The mental model behind the five-line quickstart. Five ideas cover the whole API.

See also

Coming from another entity-resolution tool? The end-to-end tutorial maps dense blocking onto the classic blocking → comparison → classification → clustering pipeline, with diagrams.

1. Source — data bound to its schema

A Source pairs a DataFrame with the column that identifies each row and an optional serializer that turns a row into the text the embedder sees:

Source(df, id_column="id", serializer=TemplateSerializer("Name: {name}, City: {city}"))

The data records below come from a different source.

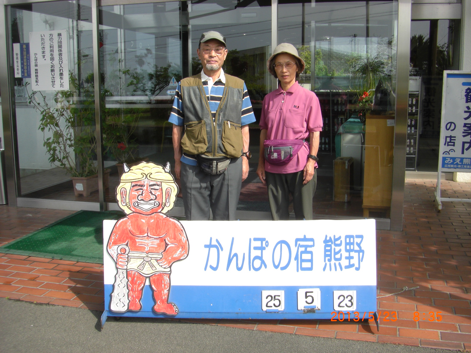 | 大斎原の巨大鳥居 | キンラン | 小栗判官物語の「つぼ湯」 | 那智大社本殿 | 那智の滝 | 最終宿「かんぽの宿熊野」にて |
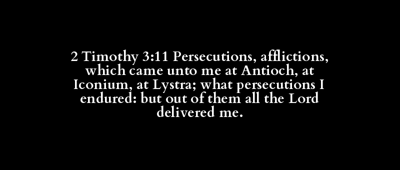 2 Timothy 3:11 Persecutions, afflictions, which came unto me at Antioch, at Iconium, at Lystra; what persecutions I endured: but out of them all the Lord delivered me.
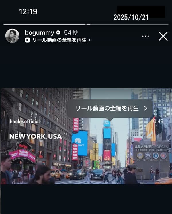 ※インスタでも同じ映像の同時更新あり。
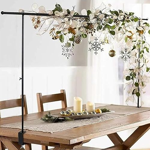 Support de tige de table haut au-dessus de la table, supports de rail suspendus, cadre en arc métallique réglable avec pinces pour décoration d'anniversaire/mariage, noir
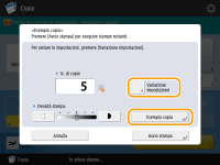 Premere <Variazione impostazioni> per modificare le impostazioni. Viene visualizzato <Esempio copia> una volta effettuata la modifica delle impostazioni. Fare nuovamente una copia di prova.
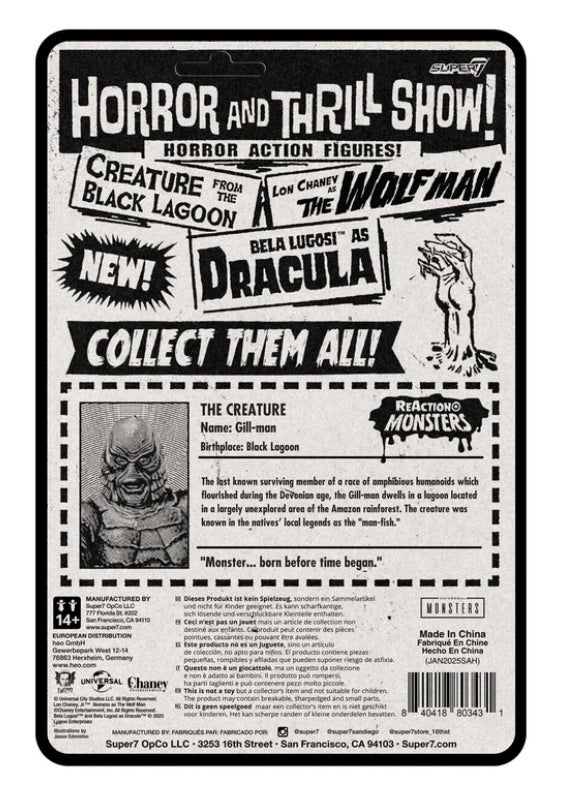 Since it’s always best to swim with a partner, never fear. The Creature from the Black Lagoon will be there by your side, and he’s coming to you straight from the Amazon. Dive in and bring him home as a Universal Monsters Super7 ReAction+ Figure. Inspired by the Gill-man creature from the 1954 film, this 3.75” scale collectible is constructed based on an O-ring design. This collectible has a swivel head and arms, elbow and knee hinges, and disk joint shoulders. And if anyone could get along swimmingly with all your other Universal Monsters ReAction+ Figures, it would be the Creature from the Black Lagoon. Catch him now. He can’t wait to stalk your shelves and display cases.
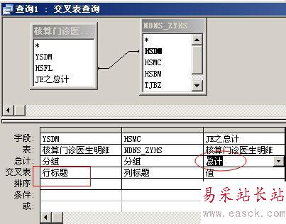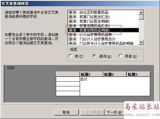 三、連接好表之后,點擊菜單欄的查詢--交叉表查詢。就可以出現(xiàn)交叉表界面。這里我們要理解行標題、列標題和交叉值。
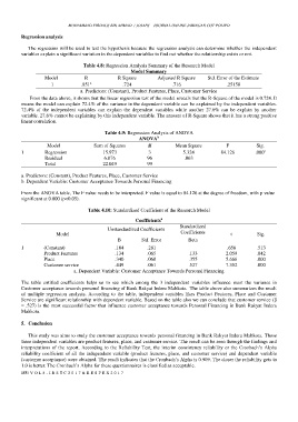of multiple regression analysis. According to the table, independent variables likes Product Features, Place and Customer
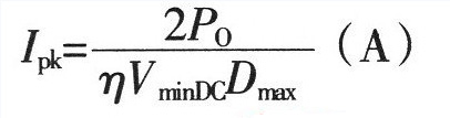 2、變壓器原邊繞組電流峰值IPK如上式:η為變壓器的轉換效率,Po為輸出額定功率,單位為W。
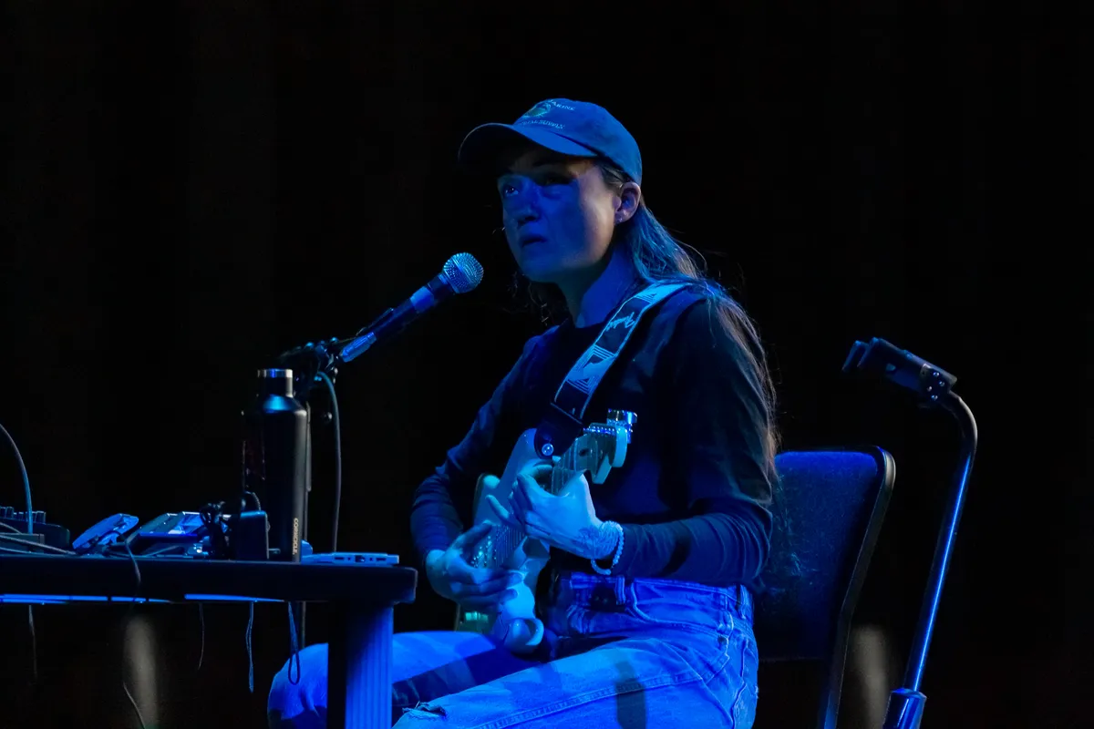 Een heel stuk verderop in Amare, is Grouper begonnen. We peuteren ons los van Carl Gari & Abdullah Miniawy en versnellen ons richting het Spuiplein. Bij binnenkomst is het sonische dwaalparadijs van Liz Harris voelbaar. Dit is typische muziek waarin je onderdompelt in het zijn van de act zelf. De zienswijze is van alle kleur onttrokken. Een gitzwart, eindeloos sonisch landschap vergezeld met grijze visuals. Er is hier en daar een brom van onnodige feedback hoorbaar, maar dat maakt geen deuken in de performance, dat sowieso al omlijst is door allerlei lagen van weemoed. Soms als een zachte deken en veelal als een donkere wolk. Briljant.
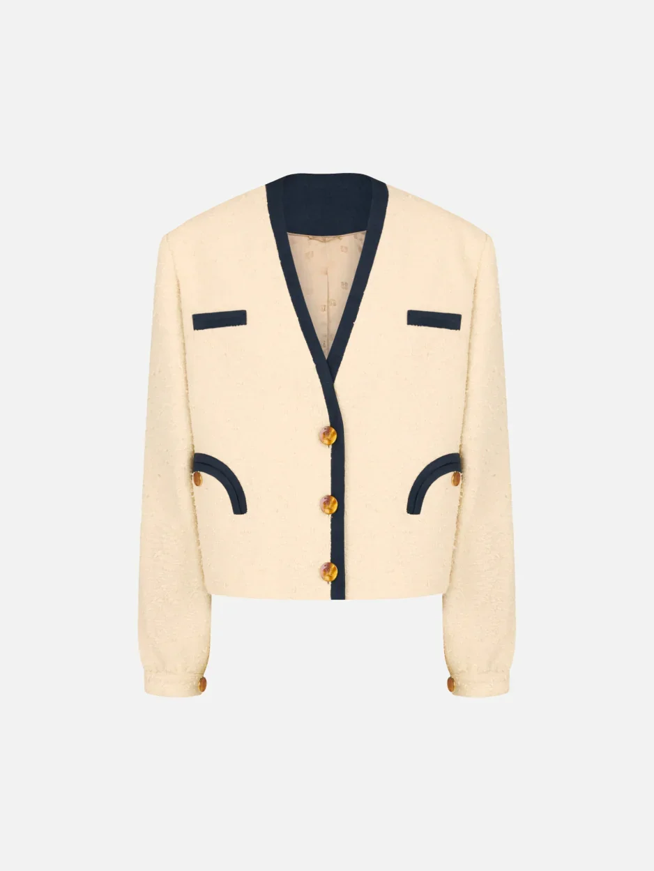 Women’s bolero jacket in textured butter-white fabric with blue trims Women’s bolero jacket in textured butter-white fabric with blue trims Nautical references meet Eighties flair in the Orinda Riviera Bolero, introduced for SS26 in butter white with contrasting navy trims. Crafted from a distinctive cotton-blend fabric with a subtly textured surface, it captures a confident summer attitude. Style it with the Selle Shorts for a chic, unconventional set. - Oversized fit - V-neckline - Contrasting navy trims in viscose canvas - External Smiley pockets, two decorative chest pockets, two internal pockets - Tortoiseshell-effect buttons in brass and amber-toned resin with engraved logo - Camel logo lining Main fabric: 94% Cotton 6% Polyamide Secondary fabric: 68% Viscose 32% Acetate Lining: Viscose Made in Italy

The schema travels with the frame, not with the linker — so two sources with different column names can be linked by giving each its own serializer (and a column_mapping to reconcile names). Materialization validates the frame and raises the error taxonomy (UnknownIdColumn, EmptySource, DuplicateRecordId).

2. Three verbs

One DenseLinker config, three tasks — the task is the method name:

Verb

Use it for

link(left, right)

match records across two datasets

dedupe(source)

find duplicates within one dataset (self-pairs suppressed)

match_pairs(pairs)

decide candidate pairs you blocked elsewhere

3. Results carry provenance

LinkageResult keeps decisions and failures in separate channels. to_frame() returns the decided pairs (left_id, right_id, similarity, match, confidence, reason); pairs the matcher could not decide are MatchErrors in result.errors, counted but excluded from precision/recall — never merged into the results and never silently dropped.

4. Design-time config vs runtime state

DenseLinker is an immutable value object: pure configuration, no data, nothing fitted. The prepared, per-dataset state is a separate object:

idx = linker.index(left)     # build once  -> LinkageIndex
idx.query(right_a)           # reuse for many query sets
idx.query(right_b)

This mirrors the internal spec → artifact law: a Blocker is a stateless spec whose build() returns a fresh, immutable BlockingIndex artifact. Specs are reusable; state lives only in artifacts. See Architecture.

5. Two tiers of errors

  • A plain ValueError signals API misuse — a bug in the calling code (e.g. a linker built without a blocker).

  • DenseLinkageError and its taxonomy signal data / runtime failures you might reasonably catch.

They are deliberately separate, so an except DenseLinkageError guarding data handling never swallows a programming mistake.


Imports follow the same two-tier shape — prelude, adapters, contract. See the API reference.